A tiny tiny subtlety... nothing else...
Whereas I automatically inferred that pause - if for nothing else but for them to process what they just said in that penultimate panel, in relation to what they're feeling - so it didn't matter that I didn't see it. Nothing seemed rushed or sudden to me. The entire scene is already animated in my head. I don't need everything animated on the page.
But that's my exact point.
You say yourself that you felt it *needed* that pause.
The only difference being that you just didn't need to *see* it.
But isn't it groovy that we're all differrent and may see things a little differently?
I felt that moment's pause, a tension if you would, was... needed is a bit strong a word... let's just say, required.
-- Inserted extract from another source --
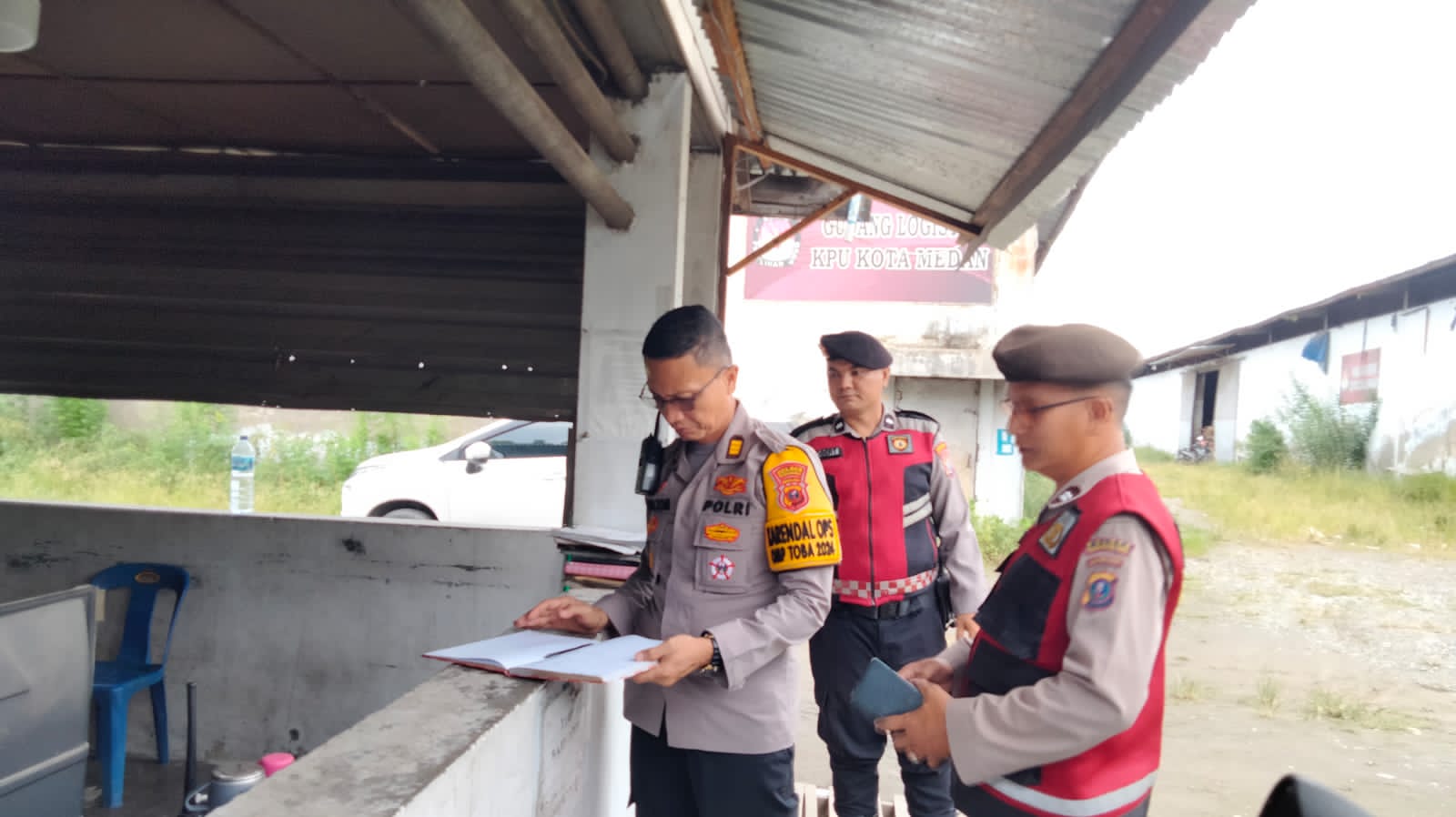 TheIndonesiaTimes - Kabag Ops Polres Pelabuhan Belawan, AKP Pittor Gultom, SH., melakukan pengecekan ke dua lokasi gudang Komisi Pemilihan Umum (KPU) Kota Medan yang terletak di Jalan KL. Yos Sudarso dan Jalan Rumah Potong Hewan, Kelurahan Mabar. Kamis (3/10) dalam rangka melaksanakan Operasi Mantap Praja Toba 2024 dan untuk memastikan kesiapsiagaan personil pengamanan yang bertugas di lokasi gudang penyimpanan logistik pemilu.

So - why do I disagree with your last sentence?
Mainly because animation is one thing. A Comic Strip is another.
(Unless it's a motion comic, some of which look great and some are awful!)
You see, to my mind, two of the absolutely
greatest Comic Strip writers the world has ever seen (Schulz and Watterson) deliberately included such pauses as I mention above for precisely those reasons.
Maybe that's the rub, maybe my expectation of great comic writing includes using those kinds of pauses - and, as I have said MANY times before, Jeph is at his absolute best when writing for Bubbles...
There has been a deliberate and obvious slow burn for well over a year.
How much longer did people want it to go on? An entire weeks' worth of comic to them just awkwardly standing in the shop "um-ing" at each other?
I think the point was made fairly clearly above... "(Just one frame)... A tiny tiny subtlety... nothing else..."
(and I just had a quick look above... another poster said exactly that as well.. one frame...)
I don't mind you disagreeing with me... just don't put words into my mouth.